Изменить стиль страницы

Загнав часть толпы в переулок, сарматы остановились. Курчавобородый армянин вытер меч о конскую гриву.

— Хватит с вас, дурачье? Хотите знать, кто напустил на вас демонов? Два некроманта: Захария Самаритянин и Клавдий Валент. Зачем напустили? А чтобы вы туг истребляли друг друга на потеху тем, что на акрополе. Я, князь Мгер Арцруни, сказал бы это вам раньше, если бы вы честным людям верили больше, чем ворам.

Оробевшая было толпа разразилась криками:

— На акрополь! Сжечь дом этого Валента! Сбросить со скалы обоих колдунов! Побить их камнями!

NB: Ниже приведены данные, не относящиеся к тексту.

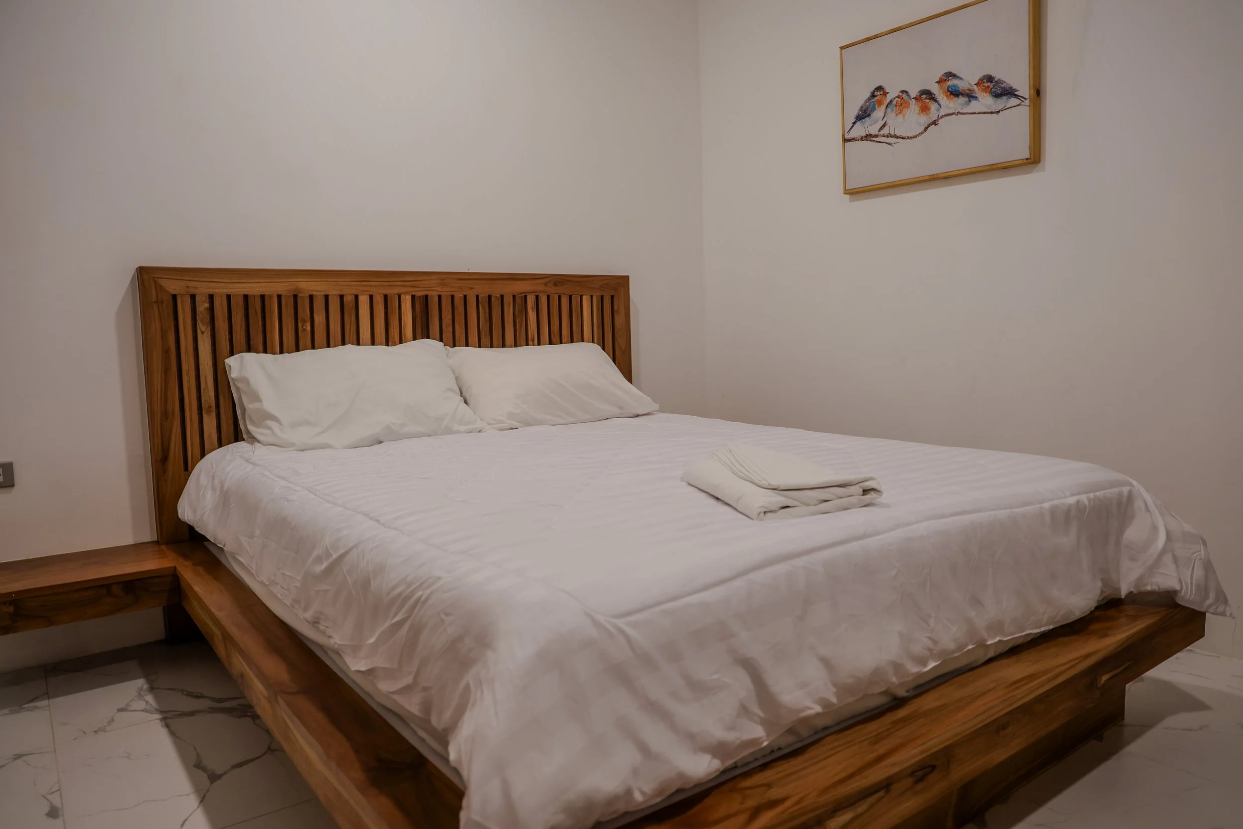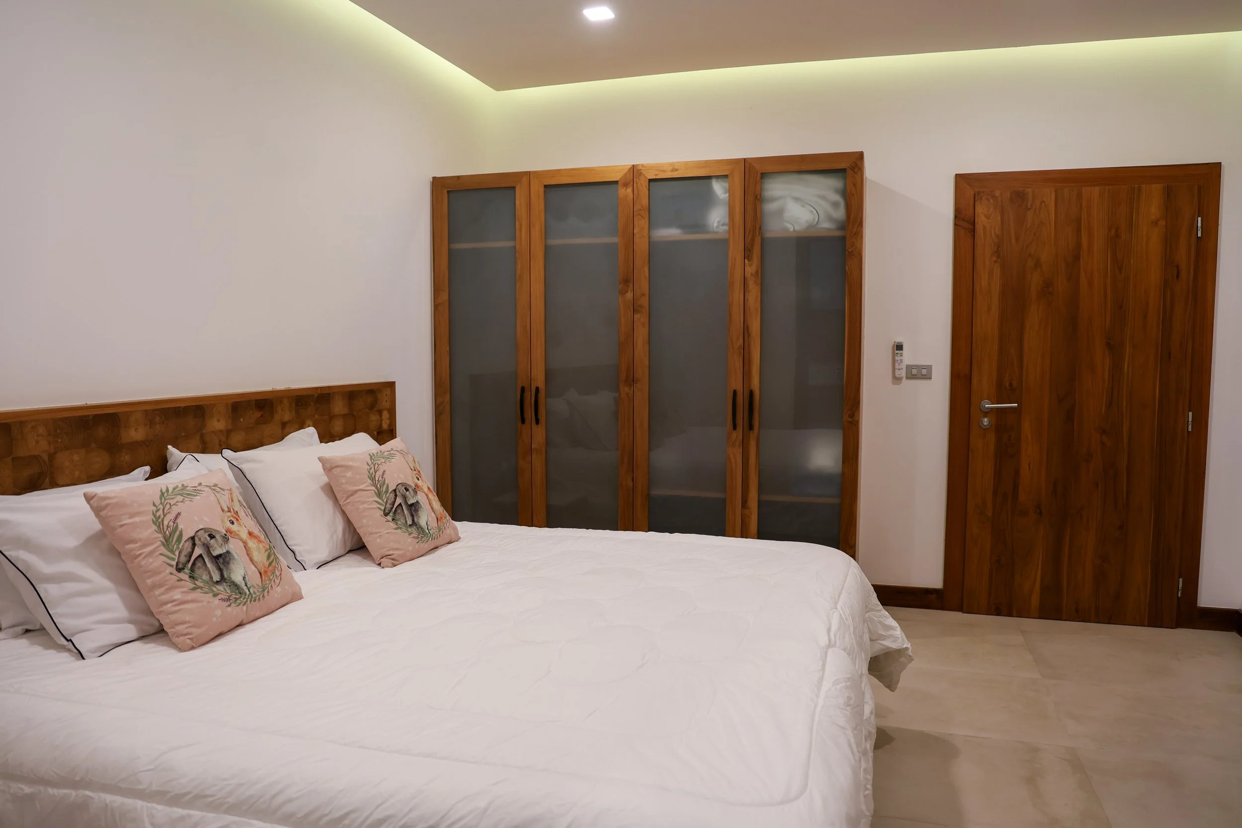 Easily accessible from the main villa, the fully enclosed apartment offers a comfortable living space complete with a television in the living room, a well-equipped kitchen and dining area, and a spacious master bedroom featuring a king-size bed and a generously sized washroom.
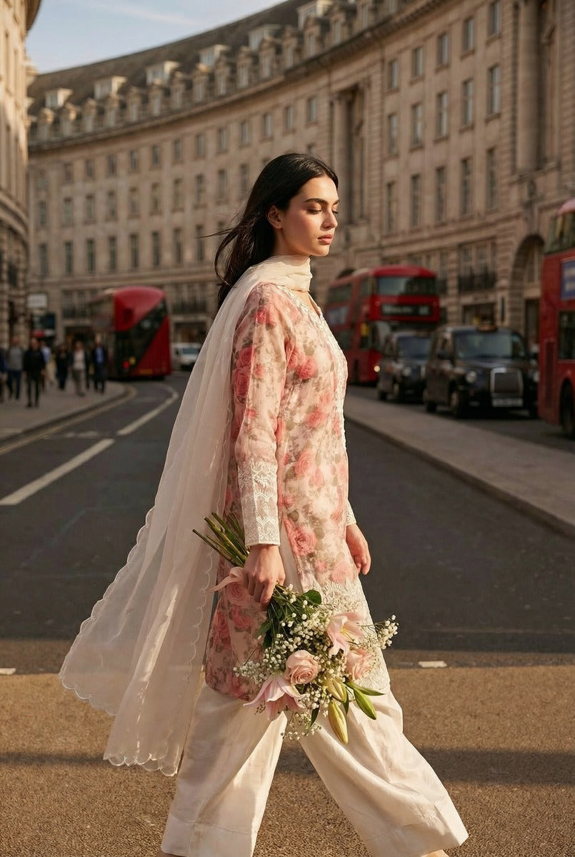The flowing Korean silk farshi shalwar adds luxury movement while the pure organza dupatta completes the look with a soft, weightless drape.
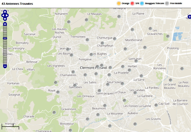 Découvrez la répartition des antennes mobiles Free 3G/4G sur Clermont-Ferrand
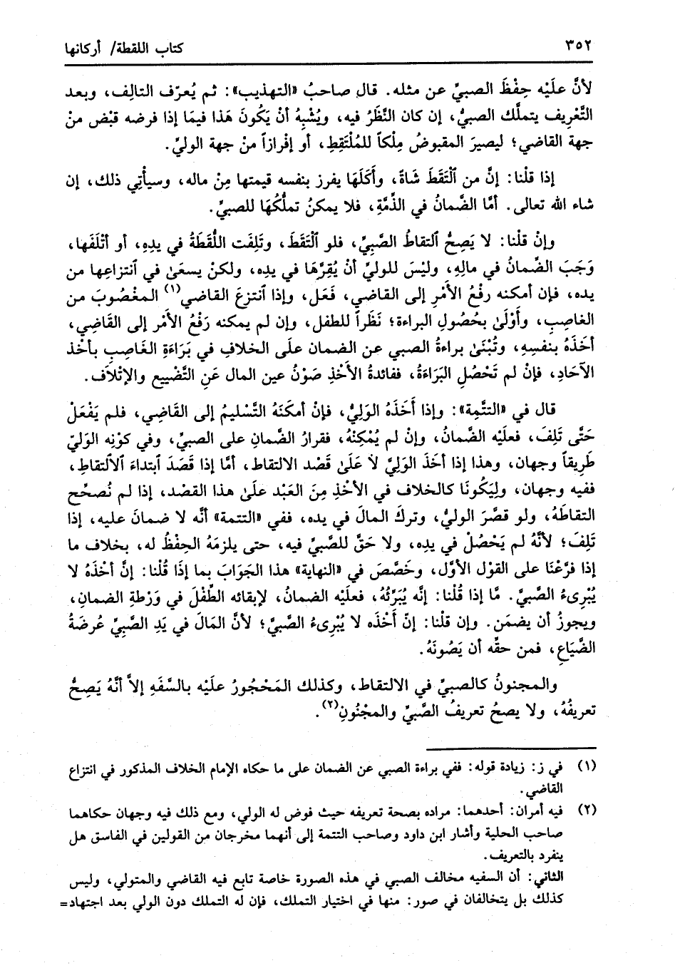 والمجنونُ كالصبيِّ في الالتقاط، وكذلك المَحْجُورُ علَيْه بالسَّفَهِ إلاَّ أنَّهُ يَصِحُّ تعريفُهُ، ولا يصحُ تعريف الصَّبيِّ والمجْنُونِ (¬2).
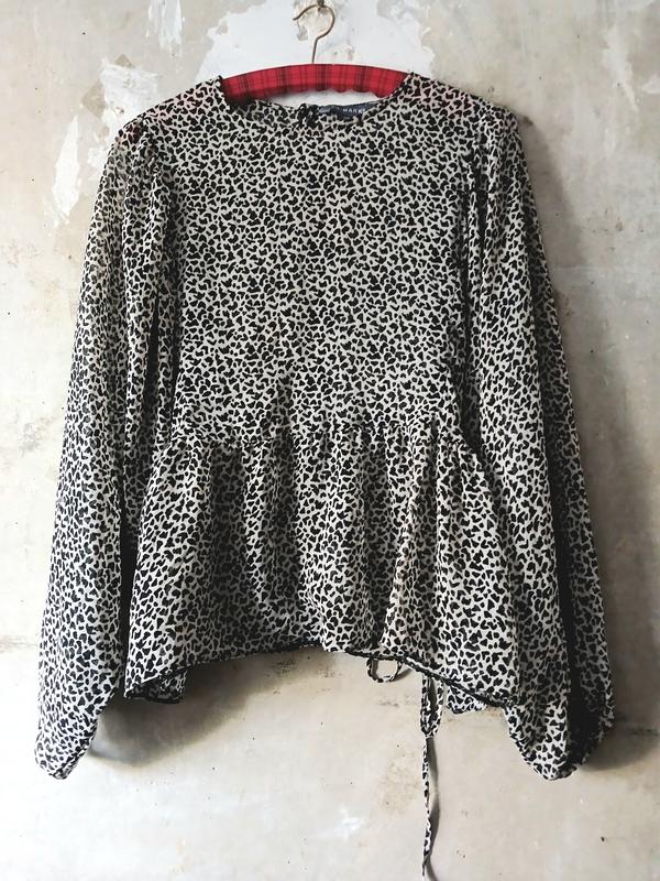 Primark блузка з напівпрозорого надлегкої тканини ,з об'эмними рукавами . Дуже гарно сидить по фігурі ,об'ємна і вільна,прозора ,але за рахунок дрібного рисуна виглядає не вульгарно . Розмір написано 14 (М) -буде ,прям, сильно вільно ,оверсайз, добре буде на L ,теж буде вільно ,і на XL буде добре Заміри: Плечі - 38см Рукав-64 см Груди напівобхват- 50 +см Талія напівобхват-49 см Стегна напівобхват-62+см Довжина -59см
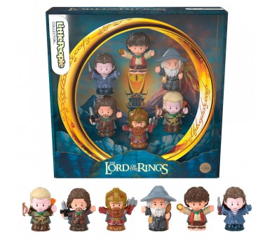 Tamaño aproximado figuras: 7cm. Conjunto de figuras de edición especial de Little People Collector con seis personajes de la trilogía de películas de El Señor de los Anillos. Incluye a Frodo Bolsón, Gandalf el Gris, Aragorn, Arwen, Gimli y Legolas, todos inspirados en los personajes de las películas.
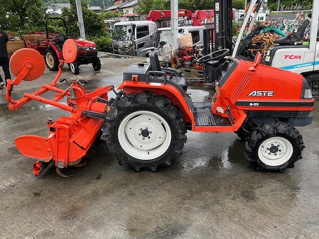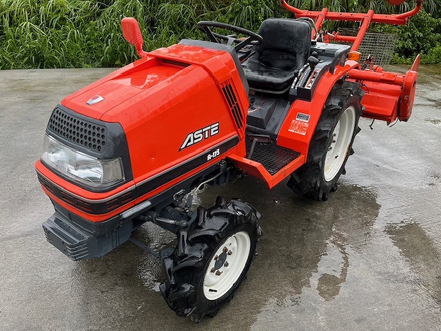 KUBOTA A175 — – 3 cilindrų dyzelinis variklis; – 17 AG; – 4 WD; – Hidraulinė sistema; – Palėtintos pavaros; – Darbinis velenas; – Blokiruotė; – Žemės dirbimo freza YRA;
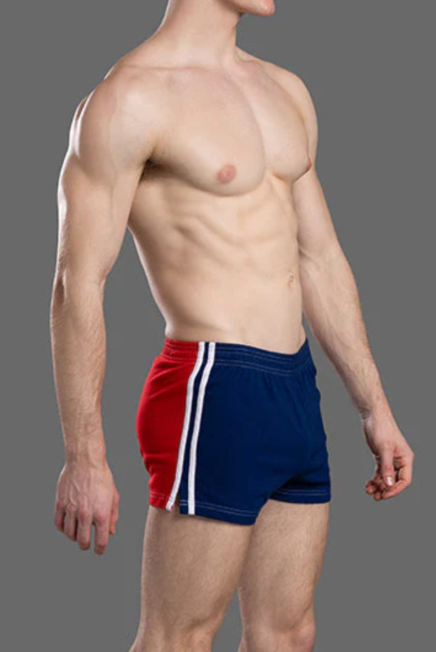 Classic gym class meets gay varsity fantasy in the bold new Navigator Shorts. With crisp color-blocking, retro piping, and flattering fit, this throwback essential brings prep school energy with a sexy twist. Whether you’re channeling a team captain or a teacher’s pet, it’s a total win for your wardrobe. And thanks to the limited edition design and slimming, form-fitting cut, this will quickly become your favorite pair of shorts. Set sail for sexy. Pair with a matching top to complete the look.
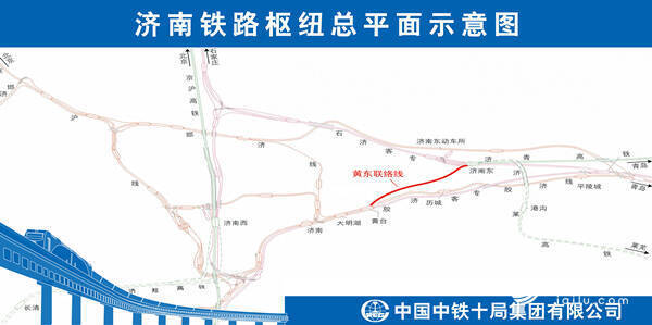 黄东联络线是济南东站、济南站两大铁路客运枢纽站的连接线,由胶济铁路黄台站引出,接入济青高铁济南东站,成为济南铁路枢纽内,济南站与济南东站两大主要客运站的客运连接线。该工程于2020年3月开工建设,为双线城际铁路,运营长度21.26公里,新建线路长度10.5公里,桥梁占比高达65%,设计时速120公里。
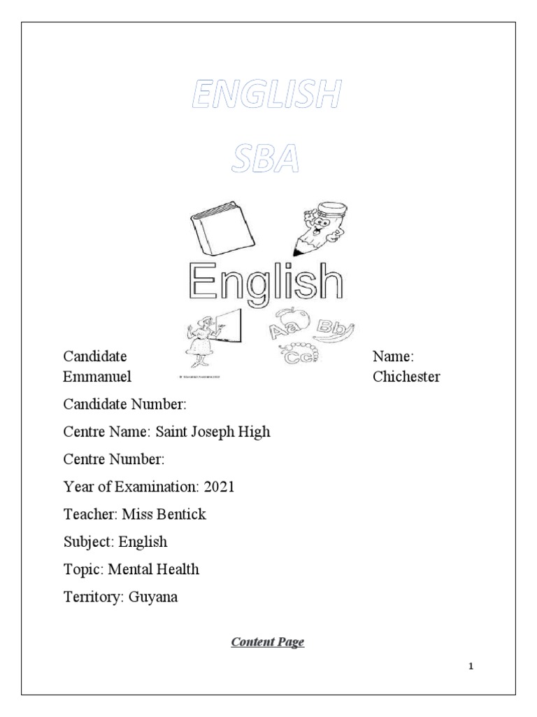 The topic chosen for my English SBA is ‘Mental Health’. I have seen

Греки и иудеи, только что готовые растерзать друг друга, вместе двинулись к воротам акрополя. А оттуда уже спускались, выставив копья над щитами, солдаты в доспехах. Раздалась команда, и они замерли, перегородив улицу. Из переулков вдруг высунулись копья городской стражи. Перед строем появились чернявый, похожий на перса, стратег Ахемен и важный седобородый саддукей Мельхиседек, старейшина кагала.

— Стойте, граждане Пантикапея! — поднял руку Ахемен. — Куда вы идете и за чем?

— За справедливостью! — выступил вперед Элеазар. — Выдайте нам Левия бен Гиркана и Захарию Самаритянина, чернокнижников. И Потоса, сына Стратона, который нанял их, чтобы спустить на город демонов.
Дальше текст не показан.